Acordam em conferência os juízes deste Tribunal Central Administrativo Norte, Secção do Contencioso Administrativo: I - J. M. L. F. . R.

e esposa M. M. C. . E.

[autores]; II - EP – Estradas de Portugal, SA [ré - atualmente, Infraestruturas de Portugal, S.A., por força da sucessão legal, nos termos do disposto no n.° 1, do artigo 2,°, do Decreto-Lei n.° 91/2015, de 29 de Maio] ; III - B. – A. E. . L., S.A.

[ré] ; … todos id. nos autos, vieram interpor recurso(s) de decisão do TAF de Coimbra, que julgou “a presente ação administrativa comum parcialmente procedente e, em consequência, condenam-se as RR. a pagar solidariamente aos AA. a quantia de € 92.463,00 (noventa e dois mil quatrocentos e sessenta e três euros), acrescida de juros de mora contados desde o trânsito em julgado da presente decisão e até efetivo e integral pagamento”.

[Sendo intervenientes acessórias IV - S. E., S.A., L. E. . C., S.A., MSF – E., S.A., e N. – C. A., S.A. (integrantes da L. A. – Construtores, ACE (LACE)), V - F. – C de S, SA, e VI – C. . S. A., SA., despacho de 22/11/2016 (cfr. Acta de Audiência Prévia) determinou “a cessação de todas estas intervenções acessórias”]Os autores J. R. e M. E. finalizam o seu recurso com as seguintes conclusões: 1 – Entendem os AA que a decisão atacada enferma de erro de facto e de Direito.

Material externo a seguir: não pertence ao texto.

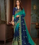 Blue Embroidered Chiffon Saree With Blouse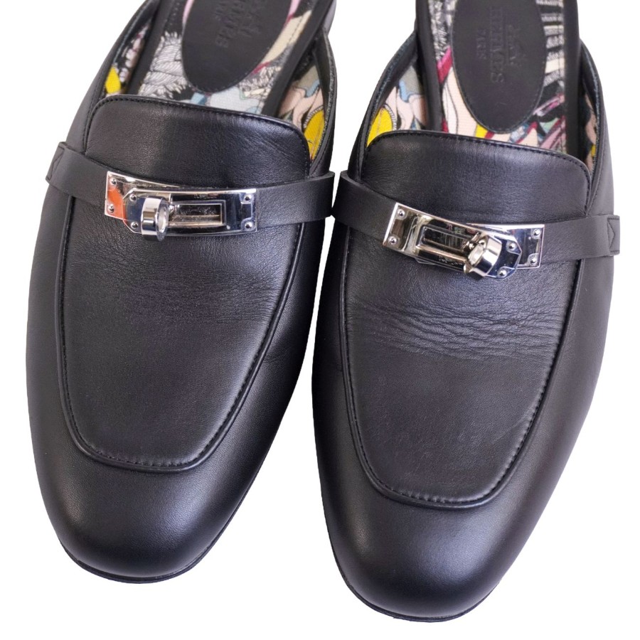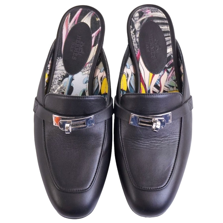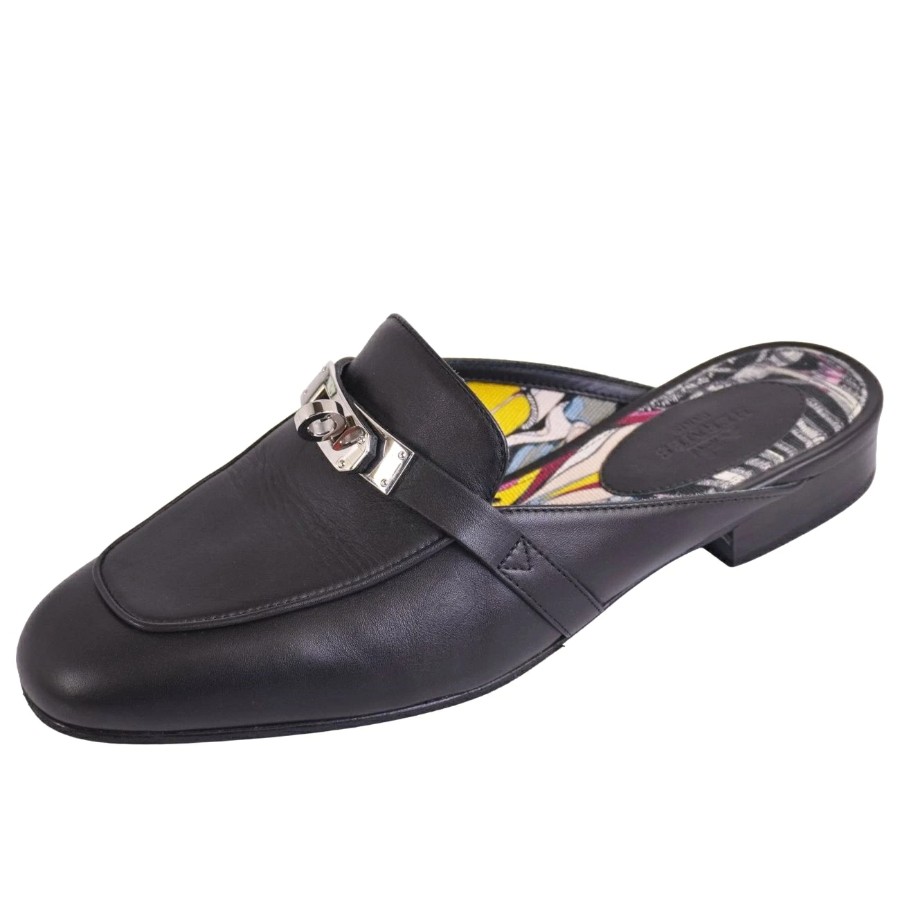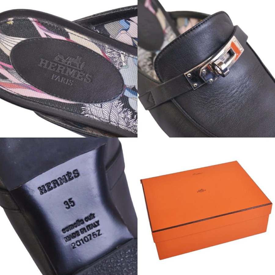 エルメス HERMES サンダル オズ ミュール ケリー金具 レザー シューズ 靴 レディース イタリア製 ブラック サイズ35(22cm相当)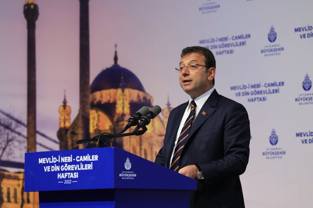 İBB Başkanı Ekrem İmamoğlu, ‘Camiler ve Din Görevlileri Haftası’ kapsamında bir araya geldiği din görevlilerine, “Tıpkı Peygamberimizin Medine’de farklı kesimleri bir araya toplayıp, toplumsal bir sözleşme etrafında buluşturması gibi, din görevlilerimizin bugünkü ağır sorumluluğu da toplumsal kutuplaşmaları sakinleştirmek ve toplumun her kesimini kucaklamaktır” sözleriyle seslendi

2 – No que respeita à matéria de facto, consideram que deve ser reapreciada a prova testemunhal gravada, bem como a prova documental por não ter sido totalmente valorada, na decisão da matéria de facto, em questões de fundamental importância para o mérito da causa, dando como provados e não provados, factos que não o deveriam ter sido.

3 – Tendo ainda desconsiderado factos relevantes para a boa decisão da causa.

4 - Impugna-se a resposta dada à matéria dos factos não provados indicada em a): “`A substituição das caixilharias nas janelas e nas portas da habitação dos AA, por caixilharias em PVC está orçamentada em € 6 565,00”, porquanto se considera que foi incorretamente julgada, face aos depoimentos de A. P. N. F., M. A. V. . O., F. M. V. . M. C., J. . O. P. G. e J. L. R. P., que confirma a necessidade de recurso à substituição dessa caixilharia e contraditam a solução que o Tribunal a quo deu, 5 – Acresce que o valor objetivo do orçamento ali contemplado já se encontrava documentado nos Autos no Doc. 11 junto com a PI, com referência a material tipo “Tecnal”, cuja qualidade já seria a adequada para minorar o ruído e mais barata que o PVC e foi orçamentado em € 6565,00, em maio de 2011.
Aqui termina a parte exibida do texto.